"You gotter have brains all right," said Dunstan; "and then you've gotter forget you got 'em or that anybody else has 'em. Look at the after-dinner speeches, you know that rot, and the political ones, all done by famous men; don't they prove that brains are only a side-show? You just have 'em, but when you get there you don't use 'em. That's the idea."
The bobbed head leaning seriously by the side of the cropped one to swab the runners considered seriously these things.
Finally Minga announced, "Say, while I'm speaking of deep things and all, I'm going home next week. After we snitch Terry from jail I'm done!"
Dunstan looked at her sagely. He stood up, stretched, and eyed his friend with increasing disapproval. "Pshaw, that's a new kind of slush; what have you got, indigestion? Go home, nothing. Why, after the Terry rescue——"
Minga rubbed solemnly on the running-board; her friend looked alarmed.
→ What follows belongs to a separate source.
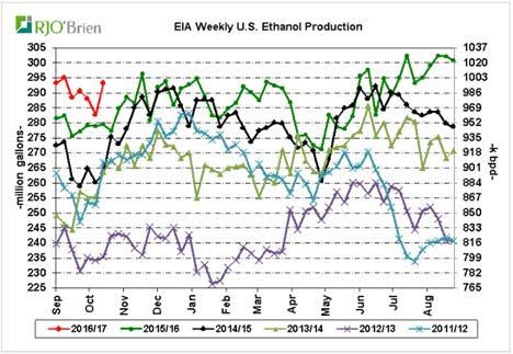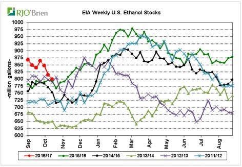 · Malgré la production d’éthanol de 998,000 barils/jour, les inventaires fondent

"You have not got to go home! What do the Mede and Persian care as long as you're where they can send you day-letters and telephones. No, ma'am, you've got to stay here in this house of the seven sleepers and nobody-to-wash-cars, you've got to stay here and sass the governor and shock Aunt Reely and keep Sard from eloping with the iceman and once in a while, for deviltry, hold my hand. That's what you've got to do."
The boyish faun-like face smiled belligerently, but Dunstan's eyes had subtle anxiety. "You haven't really to go?" he inquired. "Aw come on, can't you start a new sweater and say you can't go home till you've finished it? I've seen many a girl work that dodge," remarked Dunstan. "On account of this being the only place you can match the wool," he nodded acutely.
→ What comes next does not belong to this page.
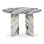 The Celia round dining table effortlessly combines contemporary flair with a timeless silhouette. The table’s allure is further enhanced by expressive green onyx panda marble, adding a touch of artistry and opulence. The smooth and organic textures on the marble beautifully contrast with the table’s geometric base, creating an intriguing visual harmony and exuding an undeniable sense of elegance and versatility.

Minga stood pulling down her belt. She gave the bobbed head a resolute shake. "I'm going," she said. She stood there, a curious little picture of untried resolution. "I don't know exactly what's come over me," the girl confessed. "I've nothing against you, Dunce; you've been a real sweet idiot, and I'm going to see us through the Terry rescue, but after the Terry rescue," said Minga in a solemn tone, "home I've got to go." She hesitated a moment adding, "Anyway, after that, you see, Judgie will hate me and turn me out and Aunt Reely will be nervous and Sard will be queer and gloomy and you——"
"Anyway I'll be annoying," said Dunstan obstinately, "the way I've been right along."